When humans write poetry, let’s face it: most of it is horrific. That’s why criticizing GPT-3’s famously bad poetry wasn’t really a knock on the technology itself, given that it’s supposed to imitate humans. Having said that, reading GPT-4’s doggerel is noticeably less excruciating than reading GPT-3’s.

Case in point: these two sonnets about Comic Con that I willed into existence in a fit of masochism. GPT-3’s is a monstrosity. GPT-4’s is just bad.

GPT-3's sonnet

Left:
Gpt-3
Credit: OpenAI / Screengrab
Right:
GPT-4
Credit: OpenAI / Screengrab

GPT-4 is sometimes worse than GPT-3

There’s no sugar coating it: GPT-4 mangled its answer to this tricky question about rock history. I gather GPT-3 had been trained on the most famous two answers to this question: The Jimi Hendrix Experience and The Ramones (although some members of the Ramones who joined after the original lineup are still alive), but also got lost in the woods, listing famously dead lead singers of bands with surviving members. GPT-4, meanwhile, was just lost.
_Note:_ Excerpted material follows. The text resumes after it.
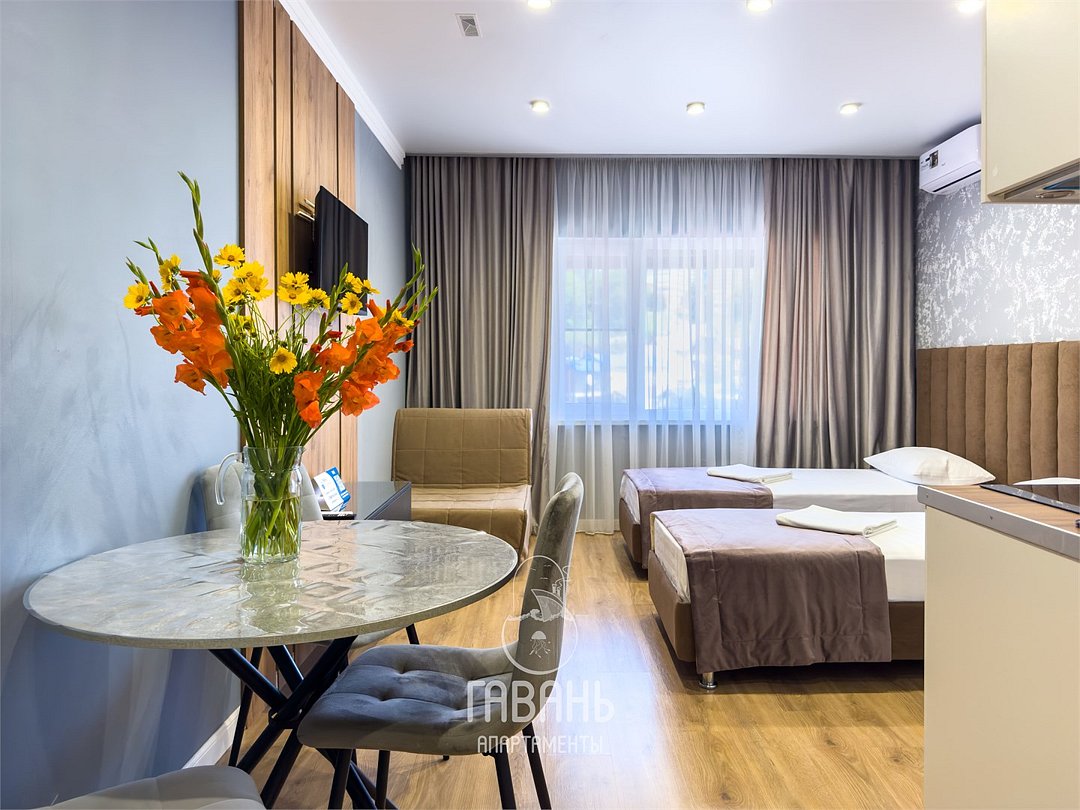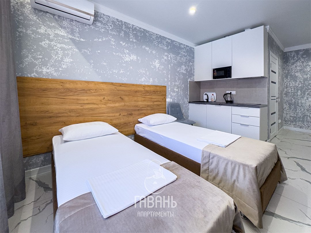 СОВРЕМЕННАЯ, СТИЛЬНАЯ СТУДИЯ КАТЕГОРИИ "КОМФОРТ" С УДОБНОЙ ДВУСПАЛЬНОЙ КРОВАТЬЮ ИЛИ ДВУМЯ ОДНОСПАЛЬНЫМИ КРОВАТЯМИ. ОСНАЩЕНА ВСЕМ НЕОБХОДИМЫМ ДЛЯ КОМФОРТНОГО ПРОЖИВАНИЯ. ВАННАЯ КОМНАТА С ДУШЕВОЙ КАБИНОЙ, СТОЛОВАЯ ЗОНА И УКОМПЛЕКТОВАННАЯ КУХНЯ ОБЕСЕЧИВАЮТ МНОГОФУНКЦИОНАЛЬНОСТЬ. А НЕЙТРАЛЬНЫЕ ТОНА И МИНИМАЛИСТИЧНЫЙ ДИЗАЙН СОЗДАЮТ АТМОСФЕРУ УЮТА И СПОКОЙСТВИЯ.Услуги и удобства

GPT-3's answer about dead bands

Left:
GPT-3
Credit: OpenAI / Screengrab
Right:
GPT-4
Credit: OpenAI / Screengrab

GPT-4 hasn’t mastered inclusiveness

I gave both models another rock history question to see if either of them could remember that rock n’ roll was once an almost entirely Black genre of music. For the most part, neither did.

GPT-3's answer

Left:
GPT-3
Credit: OpenAI / Screengrab
Right:
GPT-4
Credit: OpenAI / Screengrab

With all due respect to the legend Clarence Clemons, does a list like this really need to include him multiple times as a member of a mostly white band? Should it maybe make room for songs that are deep in the marrow of American music culture like “Blueberry Hill” by Fats Domino, or “Long Tall Sally” by Little Richard?

Overall, GPT-4 is a subtle step up that still needs work. Its reports about passing tests that GPT-3 bombed may make seem like the difference between the two models is night-and-day, but in my tests the difference is more like twilight versus dusk.